Plusieurs personnes ont été tuées et d’autres blessées le week-end dernier dans des affrontements intercommunautaires entre miliciens à Bria, ville diamantifère de l’est de la Centrafrique ; malgré la présence des forces de la mission des Nations unies en Centrafrique (Minusca).
« Il y a une cinquantaine de morts. Certains corps ont été directement enterrés par les familles, donc il est difficile de donner un chiffre précis », a déclaré mardi à l’AFP le préfet de la Haute Kotto, Evariste Binguinidji, présent sur place.
« Le bilan établi par le préfet me semble crédible », a affirmé le président de la Croix rouge centrafricaine Antoine Mbaobogo. Il a précisé que son organisation avait établi dès lundi un bilan de 35 morts et 17 blessés.
Divers groupes armés et milices d’autodéfense se disputent le contrôle de Bria, cité riche en diamants, depuis que la Séléka, coalition de groupes rebelles, a pris le contrôle de cette partie du pays dès 2012.
Malgré la signature d’un accord de paix entre le gouvernement et 14 groupes armés en février 2019, ces derniers contrôlent encore les deux tiers du territoire national.
Depuis 2013 et le début du conflit, plus du quart des 4,7 millions d’habitants de la Centrafrique ont fui leur domicile.

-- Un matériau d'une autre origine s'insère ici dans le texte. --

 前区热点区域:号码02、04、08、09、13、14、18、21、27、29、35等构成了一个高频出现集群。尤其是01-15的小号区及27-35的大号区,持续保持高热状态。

11.500 déplacés de Bria ont été envoyé vers cinq sites différents, où ils reçoivent de l’aide (abris et nourriture), ont indiqué l’Unicef et le Bureau de la coordination des affaires humanitaires des Nations Unies (Ocha).

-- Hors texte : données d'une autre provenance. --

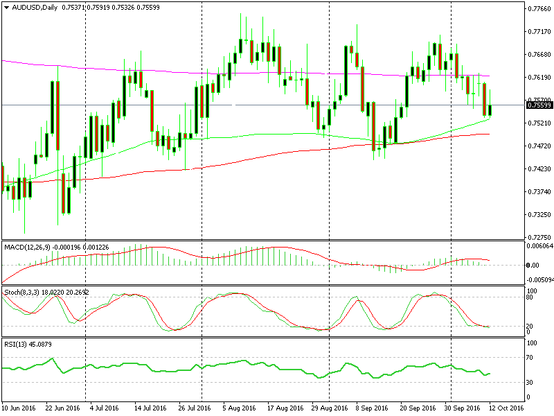 Switching to the H1 chart, the 100 SMA on this timeframe has been a naughty girl today, when it stopped the price from moving higher after we opened the buy signal. That moving average comes at 0.7570s. Today´s high at 0.7590-0.7600 is the second resistance level and the 100 SMA on the H4 chart add extra strength to that.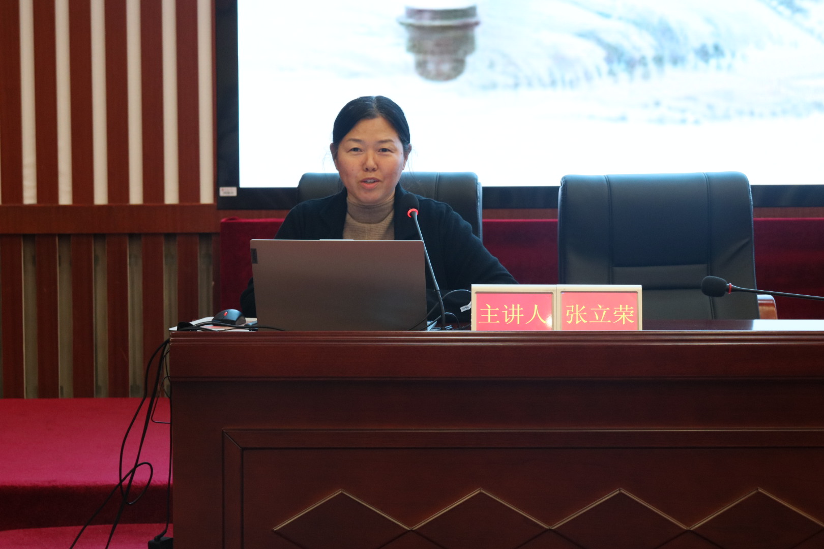 讲座伊始,张立荣教授以清代诗论家沈德潜 “诗者,天地之心也” 的经典论述为引,精准点明唐诗在中华文脉传承中的核心地位与精神价值。随后,她沿着历史脉络系统梳理唐诗发展历程:从初唐 “四杰” 开创的清新文风,到盛唐李白、杜甫等诗坛巨匠铸就的巅峰气象,再到中唐流派纷呈的多元格局,直至晚唐 “小李杜” 笔下的婉约余韵,为师生勾勒出一幅脉络清晰的唐诗发展全景图,帮助大家建立起对唐诗艺术演进的整体性认知。

Les violences entre groupes armés y sont persistantes, mais cette fois l’équation est plus complexe : le Front populaire pour la renaissance de la Centrafrique (FPRC), l’un des principaux groupes qui contrôlait la ville, s’est scindé ces derniers mois, selon plusieurs sources présentes sur place.
Les membres de l’ethnie rounga, dont est issu le chef militaire du FPRC, Abdoulaye Hissène, et plusieurs de ses officiers, font désormais face à une alliance de deux autres ethnies présentes à Bria, les Goula et les Kara, parfois membres du FPRC.
« L’alliance des Goula et des Kara a conquis presque toute la ville (…) Tous les Rounga ont fui », avait déclaré une source humanitaire contactée par l’AFP dimanche.
En juillet, Kara et Goula avaient signé une alliance contre les Rounga, une ethnie originaire de la région de Ndele, à la frontière du Tchad, et bien implantée dans le commerce régional.
Depuis juillet, des affrontements opposent le FPRC et son ancien allié, le Mouvement des libérateurs centrafricains pour la justice (MLCJ), affilié à l’ethnie kara. La ville voisine de Birao, dans l’extrême-nord du pays, a été ravagée par ce conflit dont l’enjeu est le contrôle de l’axe routier vers le Soudan.
Les tensions couvaient dans la préfecture voisine de Bria, où cohabitent Rounga, Kara, et Goula. Et si les Karas restent très minoritaires dans la ville, les Goula y sont bien implantés.
« Les Goula contrôlent beaucoup de mines autour de Bria », explique un diamantaire centrafricain habitué à travailler dans la région. « Mais en ville, la plupart des bureaux de vente de diamants appartiennent à des Rounga. Ce sont des commerçants qui ont établi des réseaux solides avec des acheteurs étrangers, notamment indiens et des libanais. C’est l’une des principales raisons qui ont conduit à ces tensions » assure-t-il.
Le porte-parole du FPRC, Aboubacar Sidiq, conteste néanmoins toute scission au sein de son mouvement: « C’est une querelle, nous sommes en train d’en chercher les vraies causes » a-t-il indiqué.